"There is never going to be a "right time" for anything" - I saw that someone wrote this and it hit me hard and it made me realize that is a very true and raw statement. There is never a right time to do anything in your life, but if you keep waiting for that right time then you will miss out on life. I have made decisions, others might think are foolish but they have improved my life. I know where I want to go in life and I know what I want to do, so why is it so hard for me to make this decision. A few years back I was asked if I would choose love over any job, and I really had to think about it. First my answer was my job, that is how i survive, get by in life and pay for everything. But then they said they would choose love and I asked why. They said because they can always find a new job, but once you find love you should never let it go unless it is not true love. That really opened my eyes and made me realize new things of life. I have looked at life in a different way since that day.
I am 23 years old and have not traveled anywhere in my life. Well yes I spent 2 years in NC but never really saw North Carolina! I have lived in Texas for 7 months and I have traveled more here then I have anywhere else. I lived in California all my life and never left my little OC bubble. It was really sad. Now I have the opportunity to go see the world and I am going to let it get away? A lot of my friends have been to Europe, Japan, Australia and I have been no where outside of the US. I think it is my time to do my traveling. School and work is always going to be there. And you never know when your life is going to be over, so I just need to take life as it comes.

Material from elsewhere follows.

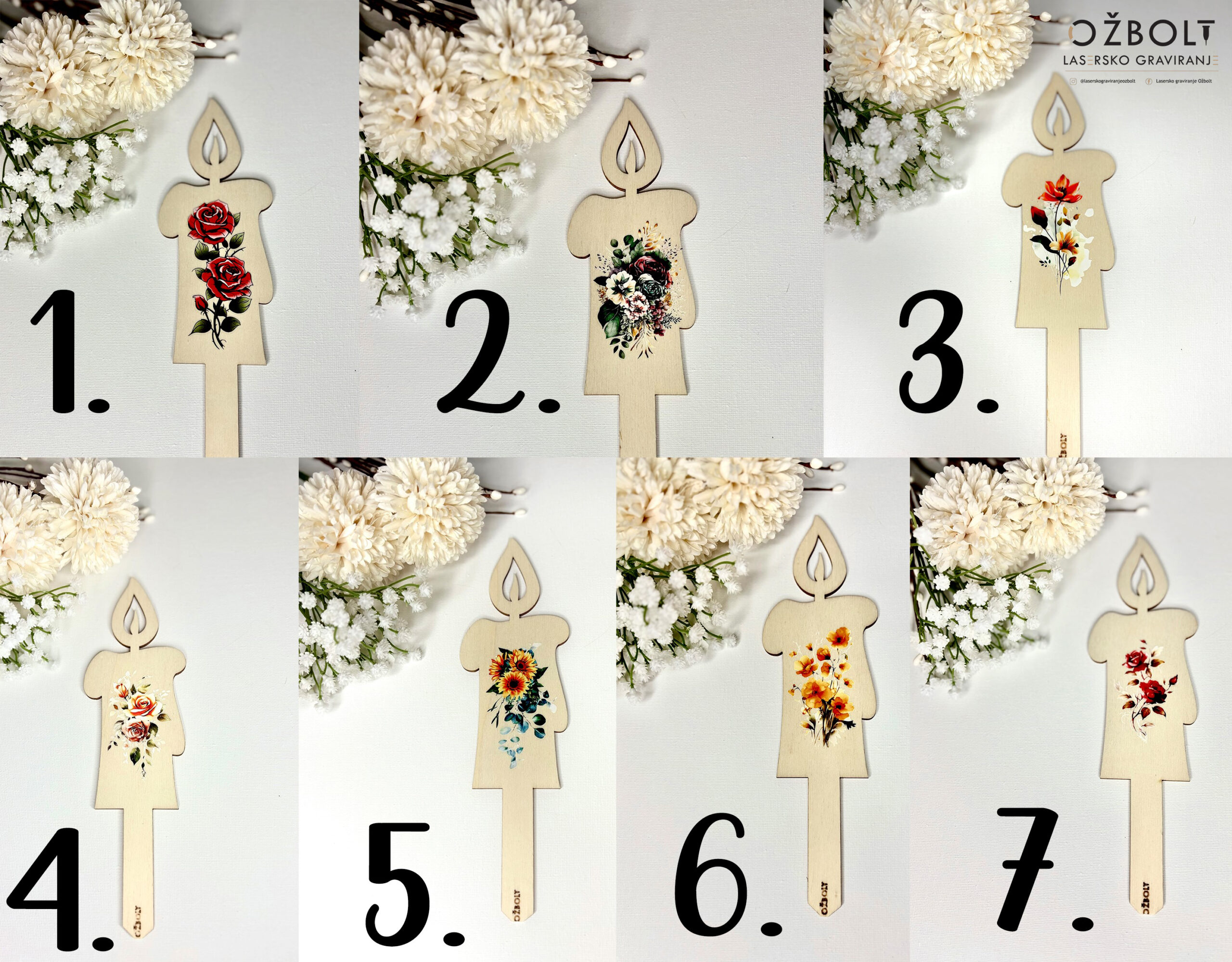 Lesena svečka je izdelana iz lesa in barvno tiskana. Primerna je za zapik v zemljo, pesek, vazo ali ikebano. Je popolnoma razgradljiva. Na prostem zdrži od 6-8 mesecev.

I think I am just letting my fears get in my way of living my life, and I am so sick of being scared of EVERYTHING! I want to be able to tell my children one day that mommy went to all these cool places and saw the world.

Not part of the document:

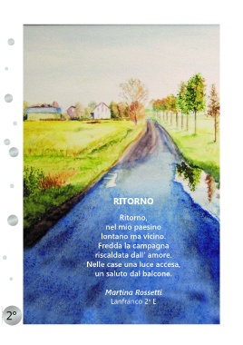 RITORNO Ritorno, nel mio paesino lontano ma vicino. Fredda la campagna riscaldata dall’ amore. Nelle case una luce accesa, un saluto dal balcone. Martina Rossetti a Lanfranco 2 E
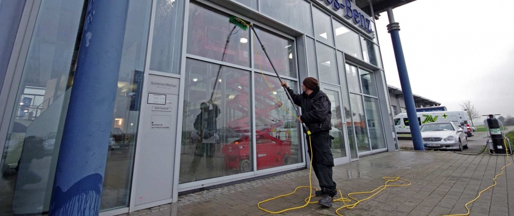 Les façades vitrées et les fenêtres de votre propriété sont polluées par les influences climatiques telles que la pluie, la neige et le vent. Des fenêtres sales obscurcissent la vue vers l’extérieur d’une part et rendent la vue vers l’intérieur plus difficile d’autre part, ce qui dévalorise la présentation des produits surtout dans les vitrines et les façades vitrées et laisse une impression non professionnelle aux visiteurs et aux clients.

Anyways life has been really good lately. I have been having a time out here in Austin and very happy with how everything has been turning out. I am looking for a second job so I can start saving more money. I want to build my savings acct even more before the end of the year. Plus I would love to go to my friends baby shower in Boston in a few months, and then go to my sisters wedding in Alaska also. I still cant believe my older sister is getting married. I never thought she was going to take the plunge. But I am so happy for her! I am loving life right now and everyone who is in it.